EXERCISE PROMPT>
Recreate the listing that follows line for line, without pictures.

DATASET SECTION>
▬▬▬▬▬▬

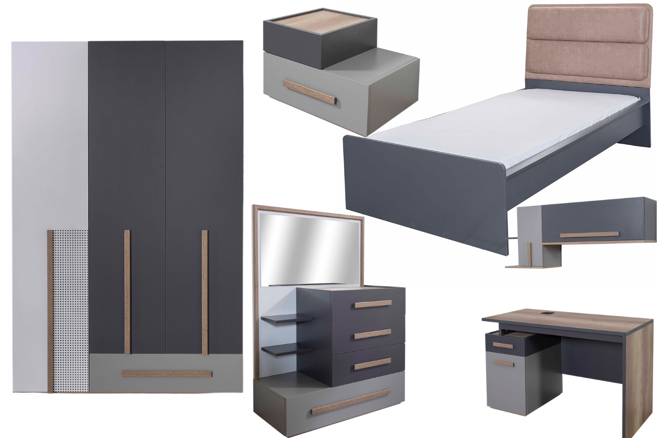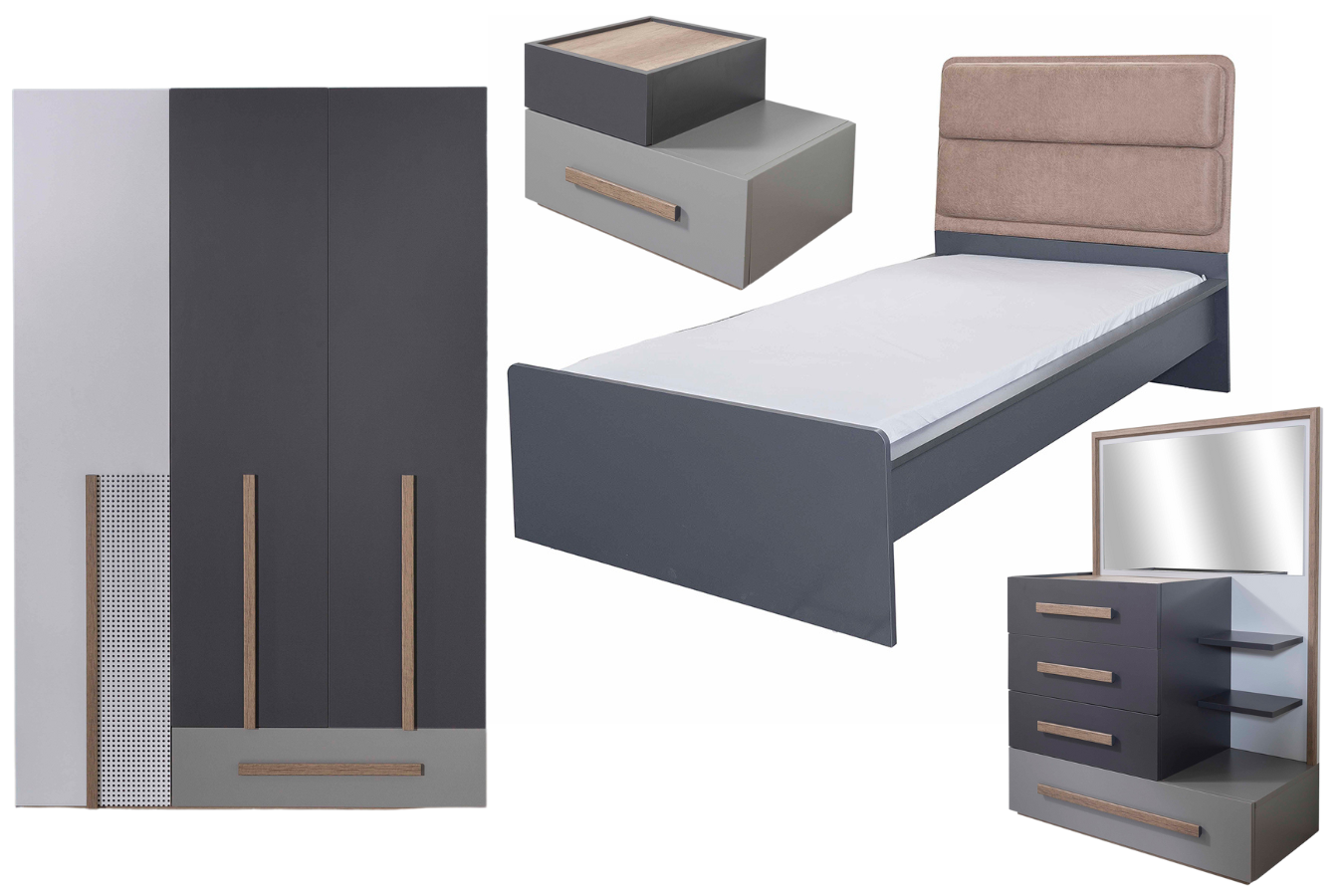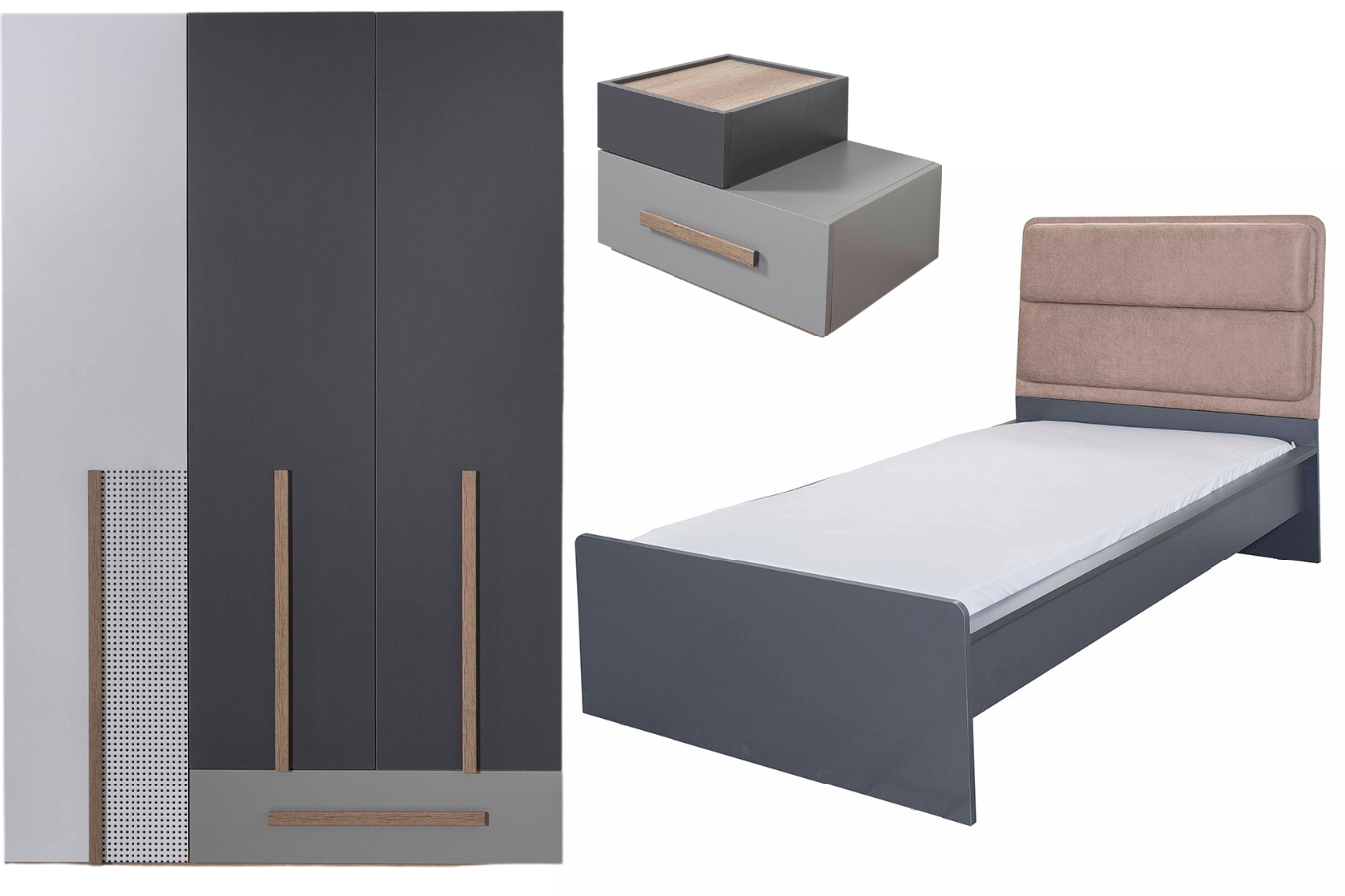 M Set besteht aus: Bett 100x200-Nachttisch-3 trg. Kleiderschrank
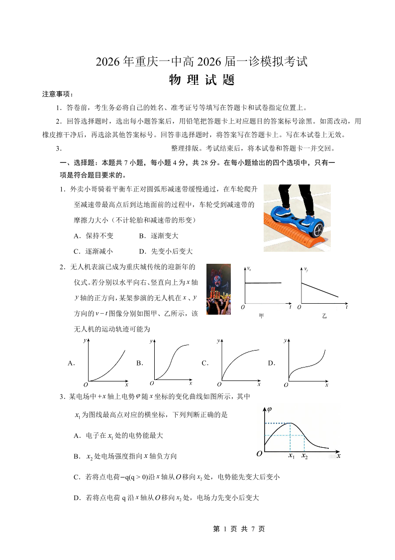 重庆一中高2026届一诊模拟考试 物理.pdf
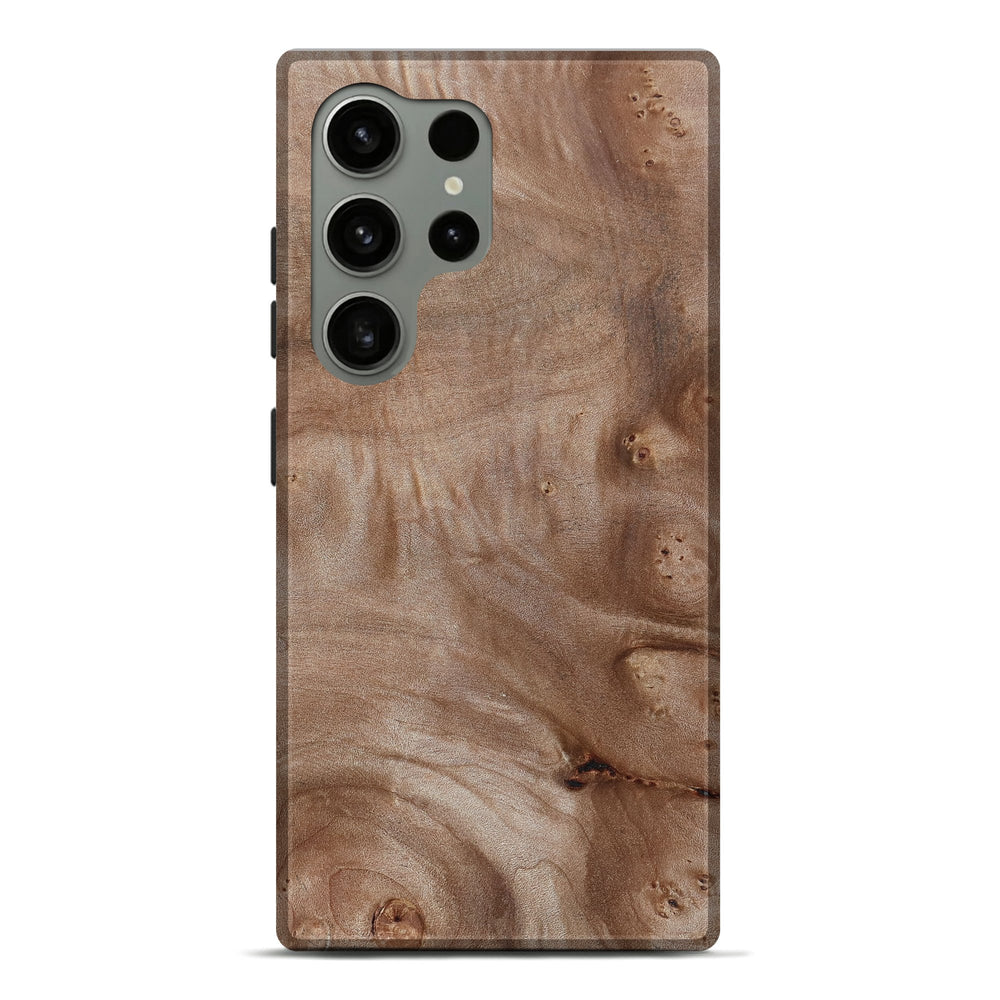 Our Live Edge cases are made from an amazing combination of stabilized wood burl and colored resin. Our stabilization process hardens the wood to protect against cracks and breaks. We do every step of the process at our shop in Northern Indiana. Perfectly fits the Galaxy S24 Ultra.

▬▬▬▬▬▬

WRITTEN SOLUTION>
 M Set besteht aus: Bett 100x200-Nachttisch-3 trg. Kleiderschrank
 重庆一中高2026届一诊模拟考试 物理.pdf
 Our Live Edge cases are made from an amazing combination of stabilized wood burl and colored resin. Our stabilization process hardens the wood to protect against cracks and breaks. We do every step of the process at our shop in Northern Indiana. Perfectly fits the Galaxy S24 Ultra.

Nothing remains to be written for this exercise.